Aan de orde is de stemming over het wetsvoorstel Regels inzake een vergunningstelsel met betrekking tot activiteiten die van invloed zijn op de fysieke leefomgeving en inzake handhaving van regelingen op het gebied van de fysieke leefomgeving (Wet algemene bepalingen omgevingsrecht) (30844), en over:

- de motie-Huijbregts-Schiedon c.s. inzake de afwijzing van de verplichting tot het instellen van regionale omgevingsdiensten (30844, letter I).

(Zie vergadering van 28 oktober 2008.)

De voorzitter:

Ik geef gelegenheid tot het afleggen van een stemverklaring vooraf.

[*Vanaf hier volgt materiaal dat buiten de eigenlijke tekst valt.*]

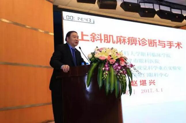 眼科醫(yī)院集團(tuán)專(zhuān)家委員會(huì)主席趙堪興教授帶來(lái)了題為《上斜肌麻痹診斷與手術(shù)》的主題演講。趙教授深入淺出的向大家介紹了SOP的7種臨床分型,并認(rèn)為在治療過(guò)程中需根據(jù)臨床發(fā)展階段、分型,選擇治療方式。趙教授表示垂直、旋轉(zhuǎn)肌肉手術(shù)的非共同性結(jié)果非常明顯,在實(shí)施手術(shù)肌肉的功能位上效果最大,其它注視位矯正效果遞減。

De heer Laurier (GroenLinks):

Voorzitter. Namens mijn fractie heb ik vorige week gevraagd om een moment voor fractieoverleg. Wij constateren dat wij over de Wabo een goed en intensief debat hebben gehad. Wij hebben in onze termijn gezegd de in de wet geformuleerde doelstellingen sympathiek te vinden. In het debat zijn een aantal punten verhelderd en een aantal zaken doorverwezen naar wetgeving die nog zal komen. Op grond daarvan heeft mijn fractie besloten om onze steun aan dit wetsvoorstel niet te onthouden. Dat is echter geen garantie dat wij bij de volgende voorstellen, wanneer die zullen komen, weer die steun zullen verlenen. Dat zal sterk afhankelijk zijn van de zaken die daarin geregeld zullen worden.

In stemming komt het wetsvoorstel.

De voorzitter:

Ik constateer dat dit wetsvoorstel met algemene stemmen is aangenomen.

De aanwezige leden van de fractie van de SP wordt conform artikel 121 van het Reglement van Orde aantekening verleend dat zij geacht willen worden, zich niet met het wetsvoorstel te hebben kunnen verenigen.

In stemming komt de motie-Huijbregts-Schiedon c.s. (30844, letter I).

De voorzitter:

Ik geef gelegenheid tot het afleggen van een stemverklaring vooraf.

De heer Janse de Jonge (CDA):

Mevrouw de voorzitter. Wij zijn het eens met de overwegingen en het dictum van de motie. Wij hadden wat twijfels over de inzet van de minister van VROM naar aanleiding van haar expliciete uitspraken op de zogenoemde Wabo-dag, op 25 september jongstleden. Wij trachtten daarover in tweede termijn duidelijkheid te krijgen van de minister. Die hebben wij niet gekregen. Wij onderkennen dat er mogelijkheden zijn voor kwaliteitsverbetering op het gebied van handhaving en toezicht. De verantwoordelijkheid hiervoor ligt primair bij provincies en gemeenten. Verder is de inzet voor de kwalitatieve verbetering van handhaving en toezicht op decentraal en rijksniveau van groot belang, zie de VROM-inspectie. Op basis van deze argumenten zullen wij voor de motie stemmen.

De voorzitter:

Ik constateer dat deze motie met algemene stemmen is aangenomen.